Hey everyone I am in the process of planning and setting up a new 90 gallon hap/peacock tank. I was planning on setting up an fx6. However watching lots of fish videos on youtube I notice alot of folks with large scale fish operations use sponge filters. I am not as concerned about the expense, as I am just keeping things simple. Would adequate sponge filters and a 3K Gyre Generation Aquarium Flow Pump . be enough filtration and flow for the tank?

Thanks everyone!


----------



## Deeda (Oct 12, 2012)

It may be enough filter and flow for the tank but you may not be satisfied with the amount of debris picked up by the filters, depending on stocking levels and your tolerance or expectation for a pristine looking tank.
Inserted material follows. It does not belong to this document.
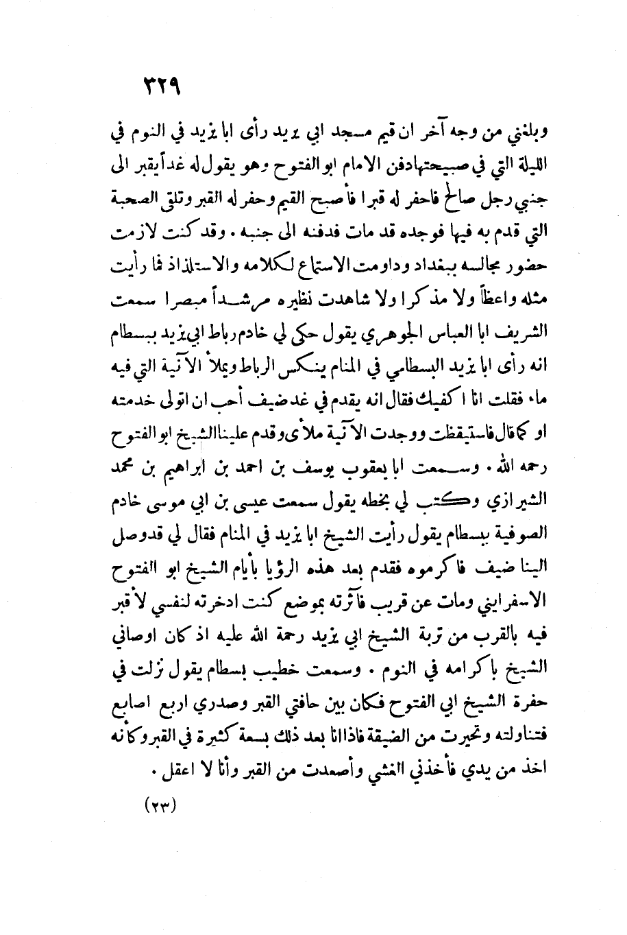 وَسمعت خطيب بسطَام يَقُول نزلت فِي حُفْرَة الشَّيْخ أَبِي الْفتُوح فَكَانَ بَين حافتي الْقَبْر وصدري أَربع أَصَابِع فتنَاولته وتحيرت من الضيقة فَإِذا أنَا بعد ذَلِك بسعة كَثِيرَة فِي الْقَبْر وَكَأَنَّهُ أَخذ من يَدي فأخذني الغشي وأصعدت من الْقَبْر وأنَا لَا أَعقل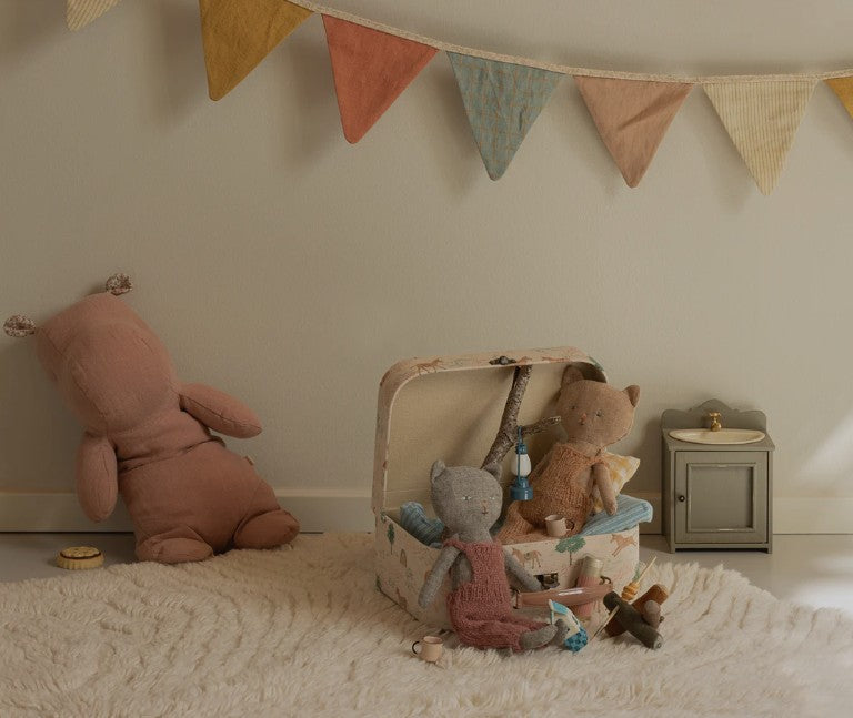 Kettlingur sem passar fullkomlega í litla hönd svo auðvelt er að taka þá með sér í ferðalög. Kemur í mjúkum prjónuðum smekkbuxum og passar á öll Maileg húsgögn í stærðinni mini.

I assume you are considering traditional sponge filters which are fairly obvious in a tank and don't appeal to a lot of people?


----------



## zeusjuice (Apr 26, 2012)

Yeah like 2 hydor V's I am sure I can scape where you won't see the sponge. You will see the airline and tubing but that's not much different than a filter intake or return. I may start with. 2 then add an fx6 if necessary. I had an fx5 in the past, and squeezing sponges out in a bucket every week sounds way better than breaking that big boy down every month or so.


----------